Brain stem cavernous malformations.

机构信息

Division of Neurosurgery, Department of Surgery, National Taiwan University Hospital and National Taiwan University College of Medicine, 7 Chung Shan South Road, Taipei 100, Taiwan.

出版信息

J Clin Neurosci. 2010 Jan;17(1):74-9. doi: 10.1016/j.jocn.2009.06.009. Epub 2009 Dec 14.

Abstract

We retrospectively reviewed the clinical experience of 30 patients with brain stem cavernous malformations (BSCM) treated operatively and non-operatively at our hospital between 1983 and 2005 to elucidate the natural history of BSCM and the factors that affect surgical outcome. Inpatient charts, imaging studies, operative records, and follow-up results were evaluated. The average follow up was 48.5 months. Twenty-two patients (73.3%) received surgical extirpation and of these 86.4% improved or stabilized and 13.6% deteriorated with permanent or severe morbidity.
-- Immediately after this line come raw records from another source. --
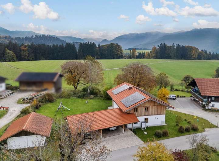 Die Liegenschaft befindet sich in exklusiver, Ortsrandlage auf einer Anhöhe im Chiemgau.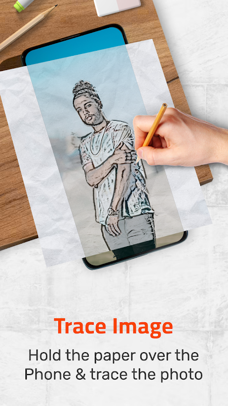 Jejak sebarang imej menggunakan output kamera daripada skrin telefon anda; imej tidak akan dipaparkan pada kertas, tetapi anda boleh melukisnya sama seperti anda melukisnya. Apl Draw Sketch and Trace menggunakan teknologi realiti tambahan untuk menayangkan imej pada permukaan, seperti kertas. Anda boleh mengikut garisan yang dikesan pada skrin peranti anda semasa melukis di atas kertas, mencipta pengalaman melukis jejak berpandu.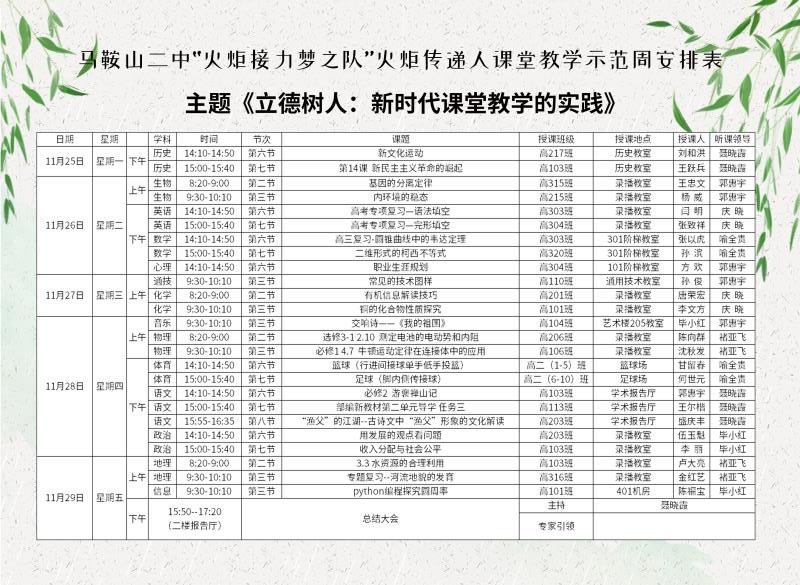 馬鞍山(shān)二中“火炬接力夢之隊”火炬傳遞人課堂教學示範周安(ān)排表
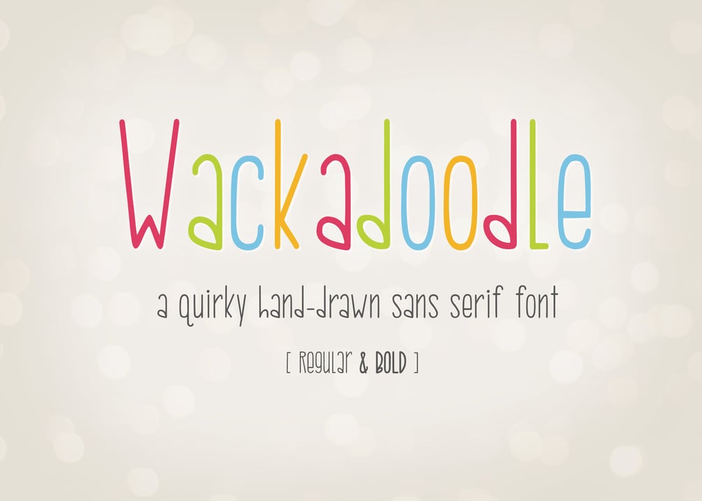 Wackadoodle is a fun, quirky handwritten font in two weights - regular & bold. This playful sans-serif is perfect for greeting cards, branding, stationery design, social media, t-shirts, invitations, & more! It includes numbers, punctuation, and over 24 alternate characters to add personality to any project.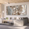 Tableau sur toile abstrait - Marbre - Wit - Marron - Aspect marbre - 160x80 cm - Décoration murale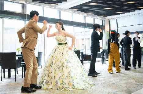 披露宴の入場はタキシードとドレスを着た新郎新婦が入場してくるかと思いきや、扉から現れたのはスノボのウェアを着た新郎新婦!実は担当プランナーとコーディネーターの替え玉入場で、急に曲が変わると新郎新婦のおふたりがテラスから登場!スタッフも一緒に新婦様が大好きなNissyのトリコダンスを踊っての入場サプライズに、会場内は大盛り上がりでした。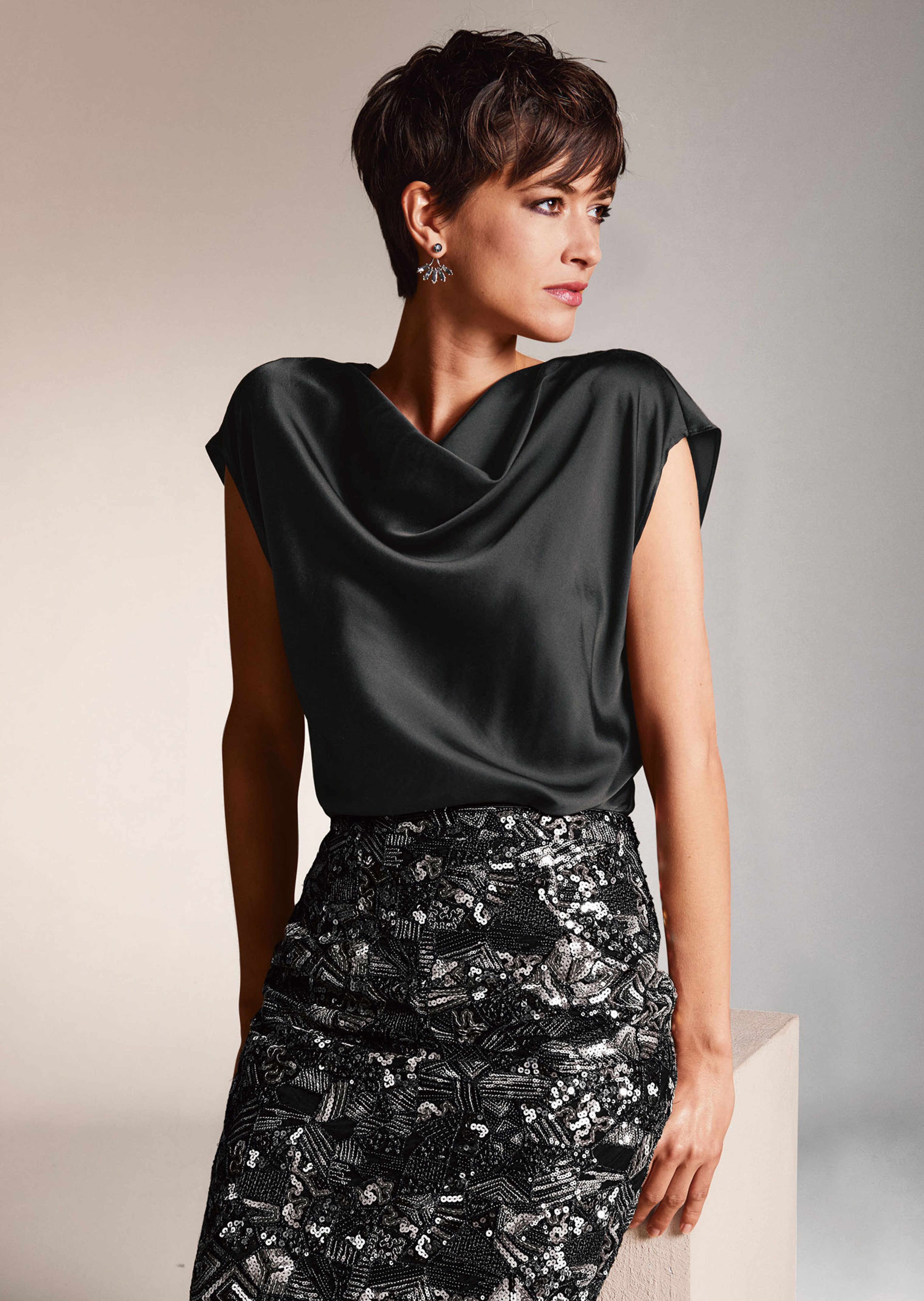 Ein Shirt, das als Abendshirt und auch am Tag mit seiner Kostbarkeit überzeugt! Das Seidenshirt aus geschmeidig fließendem Seidenstretch schimmert wertvoll im Licht. Der feminine Style ist für einen modernen Look mit überschnittenem Arm und Wasserfallkragen gestaltet. Ein praktisches Detail sind die BH-Spangen: Sie können daran Ihre BH-Träger befestigen, so sitzt das Shirt immer optimal. Kombinieren Sie es zu tonigen Partnern oder im Kontrast – für einen modernen Look mit Klasse.

There was no mortality. Size, preoperative status, and surgical timing were factors related to surgical outcome. In the non-operative group, 50% of the patients were the same or better, 25% deteriorated, and 25% died. With appropriate patient selection, resection of BSCM can be achieved with acceptable morbidity compared with the ominous natural history of these lesions.

摘要

我们回顾性分析了 1983 年至 2005 年期间在我院接受手术和非手术治疗的 30 例脑干海绵状血管畸形(BSCM)患者的临床资料,旨在阐明 BSCM 的自然病程以及影响手术效果的因素。我们评估了住院病历、影像学研究、手术记录和随访结果。平均随访时间为 48.5 个月。22 例患者(73.3%)接受了手术切除,其中 86.4%的患者得到改善或稳定,13.6%的患者出现永久性或严重致残性恶化。无死亡病例。病变大小、术前状态和手术时机是与手术效果相关的因素。在非手术组中,50%的患者病情相同或更好,25%的患者病情恶化,25%的患者死亡。通过适当的患者选择,与这些病变凶险的自然病程相比,BSCM 的切除可以获得可接受的发病率。